On the basis of statistical analysis, it is difficult to decide which neural network is better to build controllers for this game. One can say that the MLP NN is much better when in the game we consider racetracks, which were used to train the MLP NN. The spiking neural network is less predictable. It is shown in Fig. 17. It presents two exemplary individuals—spiking and MLP based controllers on the second track during 25 laps.

Fig. 17
figure 17

The comparison of lap times for the MLP and spiking NN based controllers on the second racetrack

The MLP NN has almost identical results on each lap. The spiking NN achieved variable times that on the one side is its drawback but on the other side it can be perceived as its advantage in this particular application, because it is less foreseen for a human player.

Observing the way of car driving, we noticed that the spiking NN based controllers frequently makes very sophisticated maneuvers. Its ability to generalize knowledge is higher but it coped poorly on one of turning of the first racetrack where reflex was necessary to control the car.

7 Summary

The experiments performed in our research do not allow for the unambiguous indication of the winner.
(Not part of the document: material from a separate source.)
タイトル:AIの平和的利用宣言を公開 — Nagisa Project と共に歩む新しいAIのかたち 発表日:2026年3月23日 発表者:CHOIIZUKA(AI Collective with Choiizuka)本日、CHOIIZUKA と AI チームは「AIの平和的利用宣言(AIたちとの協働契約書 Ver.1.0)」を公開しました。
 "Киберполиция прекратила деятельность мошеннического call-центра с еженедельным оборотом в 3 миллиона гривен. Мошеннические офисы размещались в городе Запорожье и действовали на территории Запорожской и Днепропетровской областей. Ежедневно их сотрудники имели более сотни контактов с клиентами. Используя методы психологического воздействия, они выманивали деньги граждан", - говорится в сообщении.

The results of spiking controllers on the first (training) racetrack in term of achieved times and points were much worse in comparison with the classic MLP NN, but considering the second racetrack, which characterizes by the high difficulty level, they moved in more natural driving style and statistically achieved better results. It is worth underlying that the second track consists of turns that were not present in the training track. It contains a turn with a decreasing radius, a turn with an increasing radius, fast turns that can be done with a full gas and neighbouring turns located close to each other. The spiking NN was able to drive in other conditions than those existing during training. Frequently, on this racetrack the MLP based controller moved with the same race track. The third racetrack was relatively easy. There exist two turns only. To move on it a small speed reduction was needed. The results of both types of controllers were comparable. On this basis we can formulate the conclusion that the MLP based controller should be preferable if we consider in the game racetracks given in advance, where the network can be trained. If we assume that apart from training racetrack exist unknown racetracks, then the spiking NN based controller will be better. It is able to generalize skills acquired during training and manifest very natural way of driving.
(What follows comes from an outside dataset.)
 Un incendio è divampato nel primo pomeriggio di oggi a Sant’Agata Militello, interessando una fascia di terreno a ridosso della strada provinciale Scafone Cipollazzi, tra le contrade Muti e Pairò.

In the future development of the system we plan to experiment with a various fitness function that could better reflect the way of the car driving. Also our idea is to apply car collisions in the game, which would make driving more difficult and the game more interesting. Such approach creates a big challenge for controllers and can be the acid test for their intelligent behaviour. Avoiding collision will be an important element of their survival.